La Volvo Way che circolava nel 2008 affermava dei valori (qualità, sicurezza e cura
dell’ambiente), delle pratiche (energia, passione e rispetto per la persona) e dei
codici di comportamento (orientamento al cliente, spirito d’azienda, dialogo
aperto, lavoro di squadra, diversità ecc.). La versione aggiornata della Volvo Way
che è stata pubblicata nel 2010 differisce sostanzialmente in alcuni punti dalla
versione precedente, dando maggior peso ai valori relazionali e lasciando “qualità”,
“sicurezza” e “cura dell'ambiente” sullo sfondo, come prerequisiti.
Al di là di queste differenze, ciò che l'azienda intende fare attraverso la Volvo Way è
un discorso di valore (credibile, motivante, rassicurante) sui propri valori, al fine di
dare un valore aggiunto (chiaro, riconoscibile e apprezzabile) al proprio brand e al
proprio business.

VALORI SULLA CARTA
Come accade per tutte le “Carte dei valori”, anche il valore della Volvo Way può
rimanere solo sulla carta oppure essere reale. Anche per Volvo è solo il
riconoscimento da parte della comunità di riferimento (i diversi stakeholders
interni ed esterni: collaboratori, clienti, fornitori, società civile, istituzioni ecc.) che
conferisce valore al suo discorso sui valori.
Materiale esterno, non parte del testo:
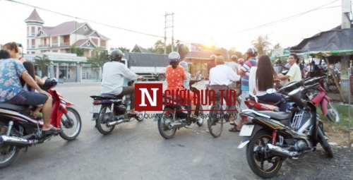 | Dù đã xế chiều nhưng vẫn còn khá đông người dân tụ tập theo dõi vụ án (ảnh Thanh Lâm). |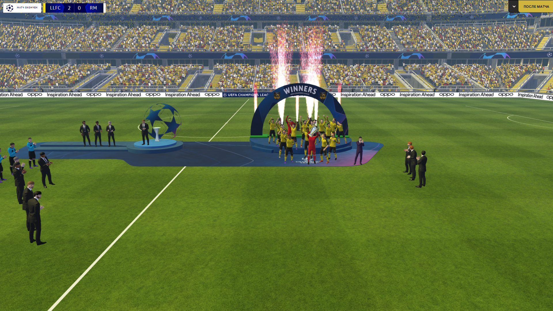 В ЛЧ... Опять играли с ПСЖ. В полуфинале в этот раз. В финале был Реал, против которого играли вдесятером весь матч - удалился Нико Вильямс на 6 минуте за хуевый подкат на Родриго. Даже не сломал его... Я думал уже что команде начинает аукаться отьезд нашего талисмана Андре Обереганы из команды, но к концу первого тайма мы вели 2-0. У Реала пошли жирные моменты только во втором тайме, НО МЕНТАЛЬНЫЕ МОНСТРЫ ИЗ МЮ НЕ ДАЛИ СЛИВОЧНЫМ РЕАЛИЗОВАТЬ ПРЕИМУЩЕСТВО и мы забрали очередного ушастого. Четвертого за 5 лет.

La Volvo Way è quindi solo un pezzo di
carta se non viene ascoltato, discusso, condiviso, interrogato e messo in pratica
dalle persone.

Prendendo spunto dall'esperienza fatta nel format filosofico di Presenze, Volvo
Italia ha progettato, in collaborazione con Inspire, un processo di infiltrazione e di
appropriazione dei valori della Volvo Way nella vita quotidiana dei propri
stakeholder: clienti, fornitori e dipendenti.
Questo processo ha utilizzato in maniera innovativa gli strumenti della
comunicazione messi a disposizione da Volvo. Invece di comunicare dall'alto al

11
basso i valori dell'azienda (attraverso slogan, campagne, eventi ecc.), Volvo Italia ha
scelto di ascoltare le persone attraverso alcuni spunti forniti dalla Volvo Way.
L'obiettivo è stato quello di: rafforzare i legami, umani e professionali, tra le
persone della sua comunità di riferimento; mettere in comune delle domande
fondamentali sul senso di quello che si fa in Volvo; creare un sentire comune sulla
missione di Volvo e sul modo Volvo di fare business.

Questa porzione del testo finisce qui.